Martinez-Boti and his colleagues dug out sediments from the Caribbean Sea and tropical Atlantic Ocean. From the sediments, they isolated microscopic marine creatures called foraminifera that lived and died during the Pliocene. The shells of these creatures contained boron, and analyzing this element revealed to the scientists the levels of CO2 in the atmosphere.
Using the bugs as proxies, the scientists assembled a comprehensive record of CO2 in the atmosphere from 2.3 million to 3.3 million years ago. The CO2 fluctuated between 350 and 400 parts per million, reaching a maximum of 450 ppm at one point.

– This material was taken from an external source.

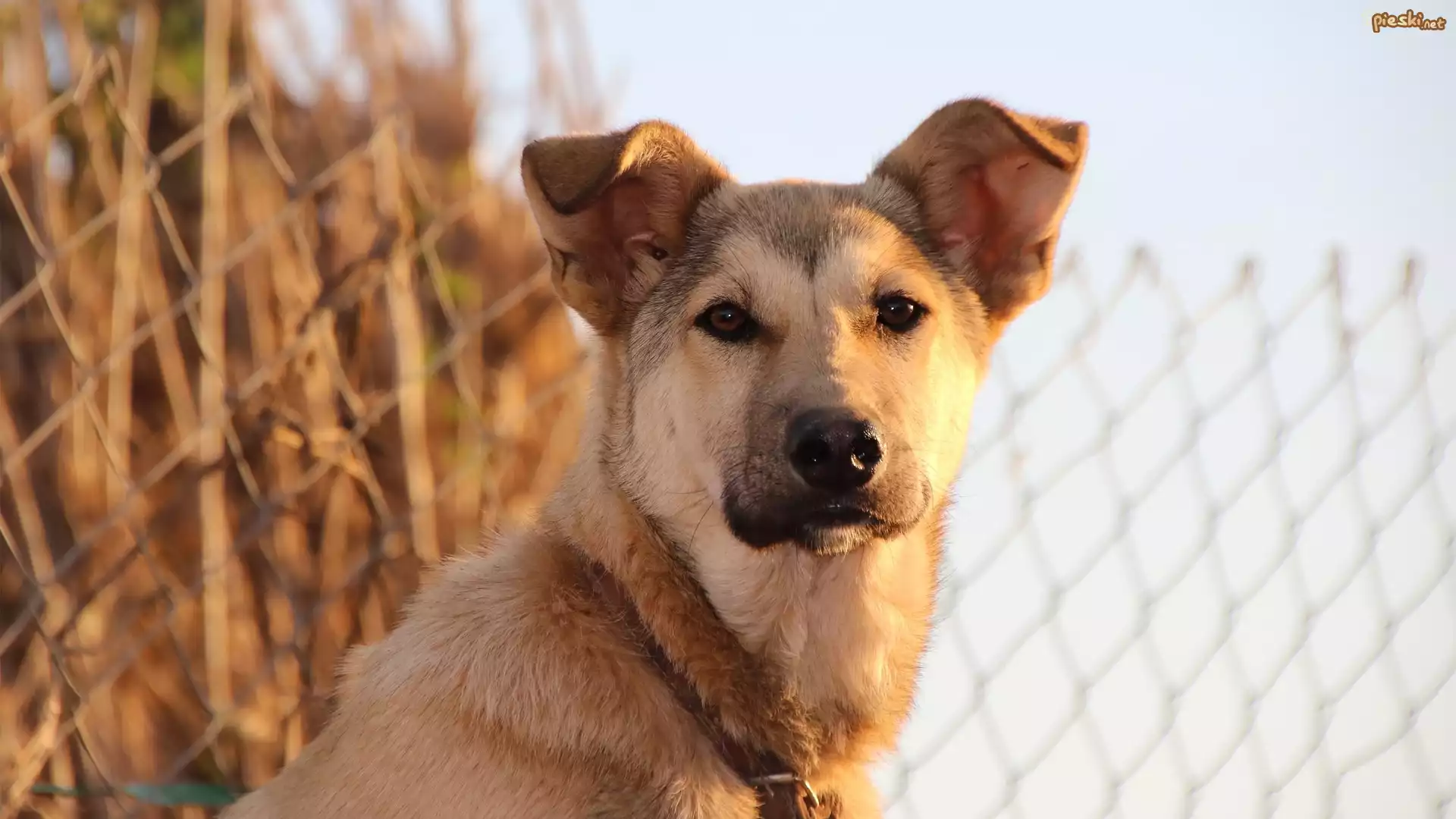 Pies Pies, Mordka, Spojrzenie, Sterczące, Uszy, Siatka

In comparison, the world presently is hovering at 400 ppm.
The CO2 data set was called fantastic by Ana Christina Ravelo, a paleoclimatologist at the University of California, Santa Cruz, who was not affiliated with the study.

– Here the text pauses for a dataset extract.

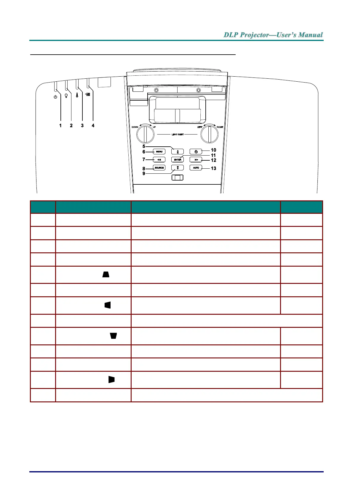Top view—On-Screen Display (OSD) buttons and LEDs

"In my mind, this is probably some of the best data that exists from this time period," she said in a phone interview.
Searching ice ages for clues
Martinez-Boti and his colleagues went a step further and looked at how CO2 levels affected temperature in the Pliocene. And they also looked at whether this relationship remained constant at other points in Earth's history.
The ice ages of the last 800,000 years are well-known for the mammoths and mastadons that roamed North America, but that is not the only attraction for paleoclimatologists. High-quality measurements of CO2 and temperature are available for the epoch.

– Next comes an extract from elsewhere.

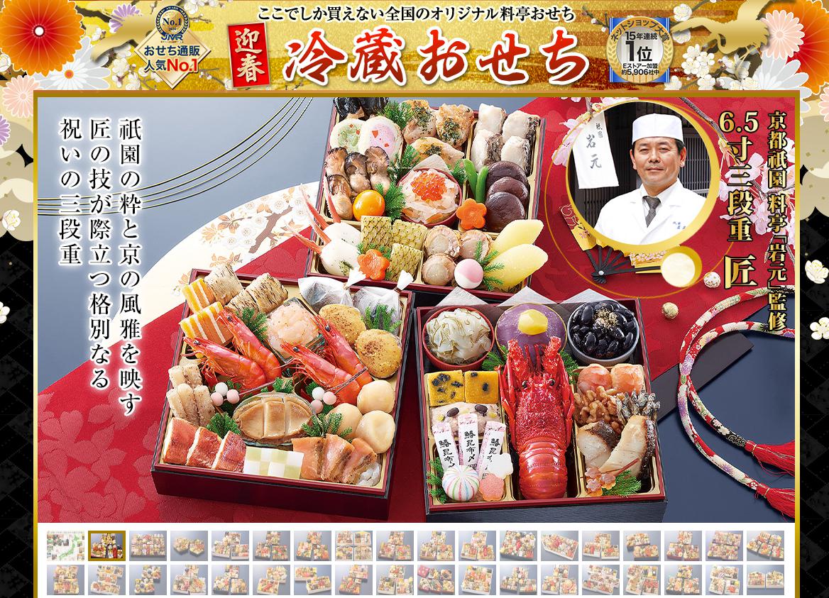 公式サイトはこちら 匠本舗は、話題の料亭・名店の大人気のおせち通販サイトです。 京都・祇園花見小路にある料亭「岩元」が監修した、匠本舗のおせちです。 壱の重には「ロブスター旨煮」「合鴨スモーク」、参の重には「銀鱈西京焼き」「牡蠣時雨煮」。 伍の重には「蟹甲羅焼き」「金目鯛炙り焼き」などが入っています。 本商品でしか味わえない料理を楽しめるのも特徴です。 岩元 おせちは、非常に人気ですぐに売り切れてしまいますので、お早めのご予約をおすすめします。 お正月は、美味しいおせちを、是非お召し上がりください! 商品名 岩元 おせち 【匠本舗】(し) カテゴリ おせち

So Martinez-Boti and his colleagues chose this epoch for study, and they initially found that CO2 raised temperatures by more than in the Pliocene. But when they accounted for the greater ice-sheet coverage during the ice age (ice sheets are warming agents), they found both epochs were roughly identical.
In both, a doubling of CO2 resulted in raising temperatures by about 3 C.
This was similar to the IPCC's proposal that temperatures will rise by 1.5 to 4.5 C per doubling of CO2.
(Strumfels: based on the 40% CO2 (280-400 ppm) increase from ~1860-2015 resulting in a 1 degree C increase, another 40% increase (400-560) by 2100, or total doubling of CO2 levels, should result in another degree C, making for 2 degrees altogether.)
"This suggests that the IPCC range is adequate to explain the climate response in the near future as we approach Pliocene-like conditions," Martinez-Boti said.
An unprecedented experiment
So how does this finding negate the suggestion that "unknown unknown" climate factors might influence a warmer world, making it nearly impossible to simulate the future using climate models?
This suggestion has been made by Judith Curry, a professor in the School of Earth and Atmospheric Sciences at the Georgia Institute of Technology, and others (ClimateWire, Sept. 26, 2014).
The study shows that when temperatures in the Pliocene rose by 3 C, additional unknown climate factors did not suddenly kick in, Martinez-Boti said.
There are caveats to the study's findings. Paleoclimate studies of this sort depend on how well scientists can reconstruct past conditions using proxies. The scientists have put together a great CO2 data set for the Pliocene, but they used temperature data sets from literature that may be imperfect, said Ravelo of UC Santa Cruz.
"We still don't have a great idea, a really accurate idea, of what temperature was globally," she said.
And although the past does provide a remarkable lens into our planet's future, there is a big difference between the pace of climate change today and the changes back then, said Lea of UC Santa Barbara.
"The experiment we are doing right now is pretty much unprecedented in Earth's history," he said. "These changes in the Pliocene and the [ice ages] took place over a million years, and we are changing the planet now on time scales of hundreds of years."